• **TASK STATEMENT**: Leave every picture out, then reproduce the rest of the listing exactly.

• **DATA SEGMENT**:
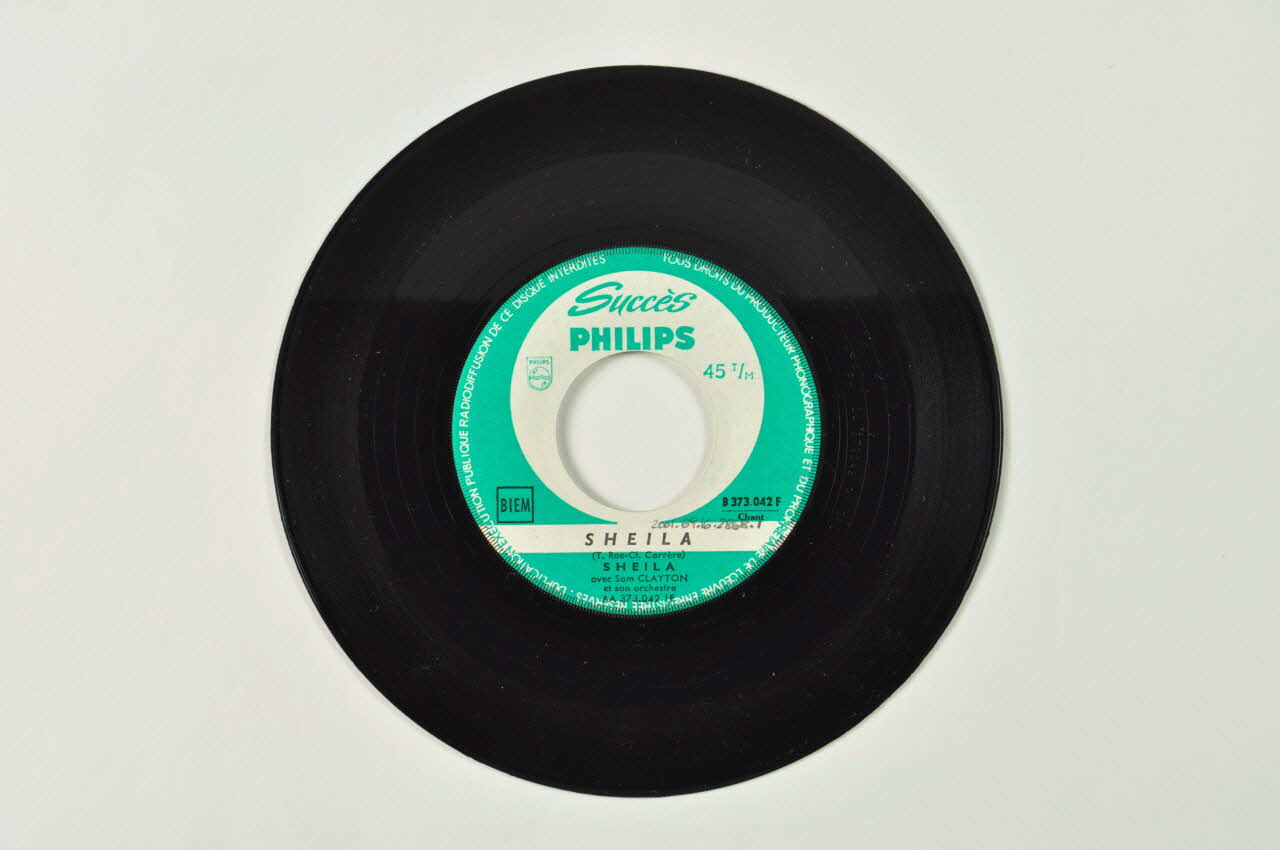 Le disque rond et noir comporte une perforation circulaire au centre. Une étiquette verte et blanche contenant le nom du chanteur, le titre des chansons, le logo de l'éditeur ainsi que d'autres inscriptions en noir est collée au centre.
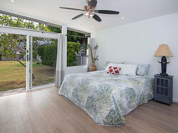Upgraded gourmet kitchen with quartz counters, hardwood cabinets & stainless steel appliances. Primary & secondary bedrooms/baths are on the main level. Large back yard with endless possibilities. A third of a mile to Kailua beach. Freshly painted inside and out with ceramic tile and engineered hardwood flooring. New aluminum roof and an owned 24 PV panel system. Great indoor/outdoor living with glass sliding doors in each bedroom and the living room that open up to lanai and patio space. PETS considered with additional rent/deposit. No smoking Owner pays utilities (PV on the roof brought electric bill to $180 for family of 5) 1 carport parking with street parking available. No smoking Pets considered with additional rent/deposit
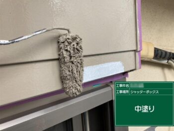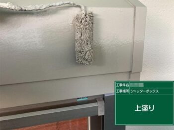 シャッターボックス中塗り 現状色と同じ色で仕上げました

• **RESPONSE FOR THIS EXERCISE**:
 Le disque rond et noir comporte une perforation circulaire au centre. Une étiquette verte et blanche contenant le nom du chanteur, le titre des chansons, le logo de l'éditeur ainsi que d'autres inscriptions en noir est collée au centre.
Upgraded gourmet kitchen with quartz counters, hardwood cabinets & stainless steel appliances. Primary & secondary bedrooms/baths are on the main level. Large back yard with endless possibilities. A third of a mile to Kailua beach. Freshly painted inside and out with ceramic tile and engineered hardwood flooring. New aluminum roof and an owned 24 PV panel system. Great indoor/outdoor living with glass sliding doors in each bedroom and the living room that open up to lanai and patio space. PETS considered with additional rent/deposit. No smoking Owner pays utilities (PV on the roof brought electric bill to $180 for family of 5) 1 carport parking with street parking available. No smoking Pets considered with additional rent/deposit
 シャッターボックス中塗り 現状色と同じ色で仕上げました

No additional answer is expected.